For newcomers to the term, Klezmer refers to a form of music associated with Eastern European Jews but while eminent musicologists may debate and indeed argue over the exact roots of the genre, the more sensible amongst us will just listen and enjoy. Having first played this album in a car full of musicians, the review quickly took on a life of its own. While acting as an introduction to Klezmer to several of the passengers, it met with immediate and universal approval, which is not necessarily the case with all vehicular located listening choices. The comments received echoed and confirmed everything that may already have been written or said about the five people who make up the quartet (check out their website maths fans). From the virtuosity of the individual members to the quality of the arrangements, the vibrancy of the performances, the whole album was a shared delight and went on a quickly requested repeat.

The latter point is worth exploring, in that the album lasted much of the journey from a meeting point in Warrington to downtown Oswestry, comprising 17 tracks (albeit containing a welcome reprise of first track, Dobridden, at the end), reflecting the Klezmer experience in all its moods – from sorrow to exuberance, despair to joy, with room for playfulness and humour.

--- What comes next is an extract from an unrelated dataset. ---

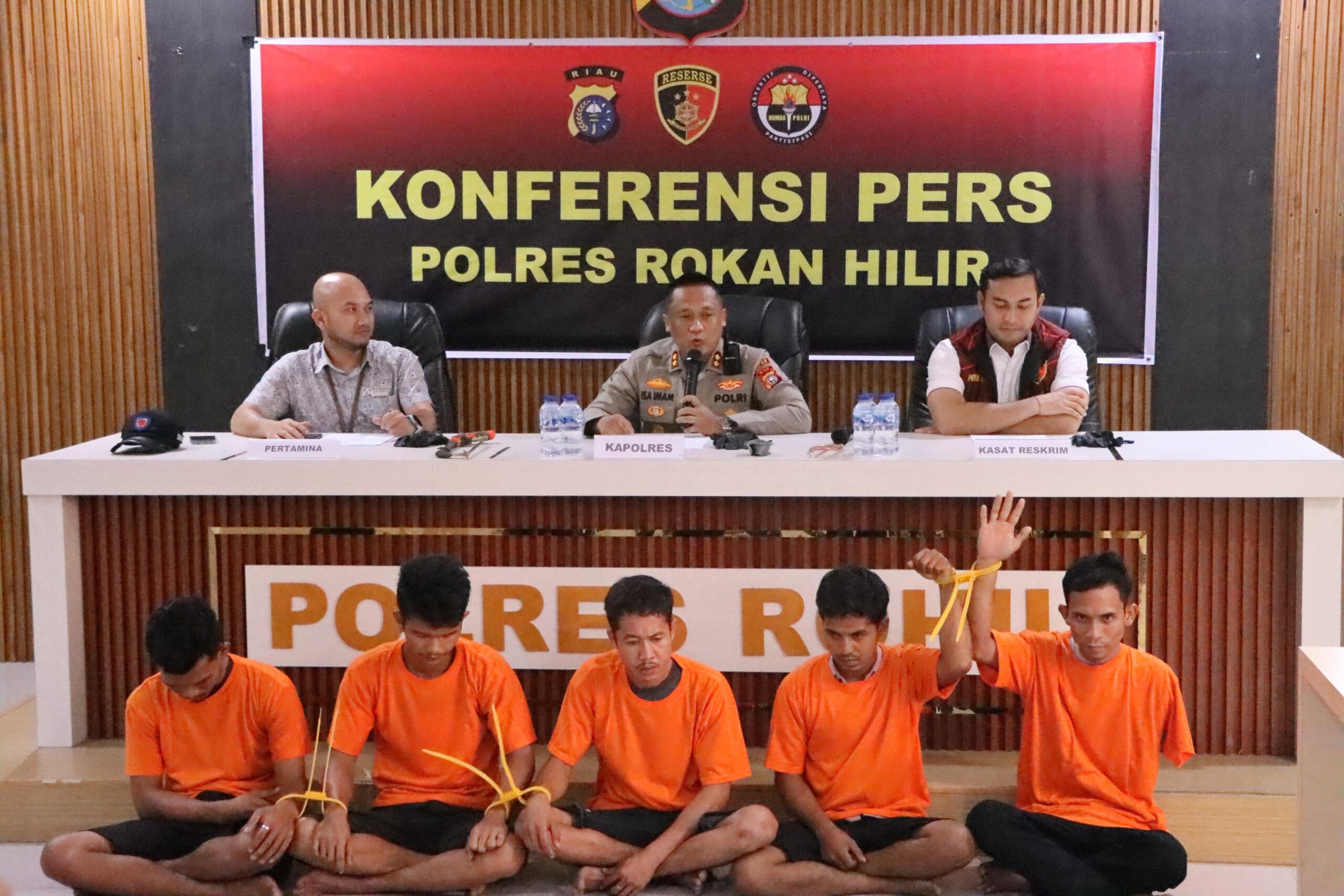 Kapolres Rokan Hilir, AKBP Isa Imam Syahroni, S.I.K., M.H., dalam konferensi pers menjelaskan bahwa pengungkapan ini merupakan hasil kerja keras tim Sat Reskrim Polres Rokan Hilir setelah melakukan penyelidikan intensif terhadap laporan gangguan produksi di sejumlah sumur milik PT. PHR.

Highlights are almost too many to mention but the perfect timing of The Summertime Waltz was much admired and Susi Evans drew particular praise for her clarinet contribution to The Inn Keeper's Wife and her foot tapping part in Clackety-Clack Bulgar as both brought expressions of delight from the back seat.

The LKQ are 8 years young, have a deservedly worldwide presence and this, their 4th release, is ostensibly a concept album, telling the story of a klezmer band's 24 hours in a small town, although we will have to take their word for It. Where songs feature vocals, Indra Buraczewska delivers with both depth and beauty but the lyrics are impenetrable to those of us with a restricted linguistic range – not that this detracts from the overall experience. There is even a jazz tinged intro that just hints at the arrival of Tom Waits but his non-appearance is quickly overlooked as the music flows ever onward.

A more lyrical companion described the album as containing 'music the texture of twilight' and while that meaning may be equally obscure, it does sum it up perfectly.

Take some friends for a drive with the London Klezmer Quartet, if they don't thank you, find new friends.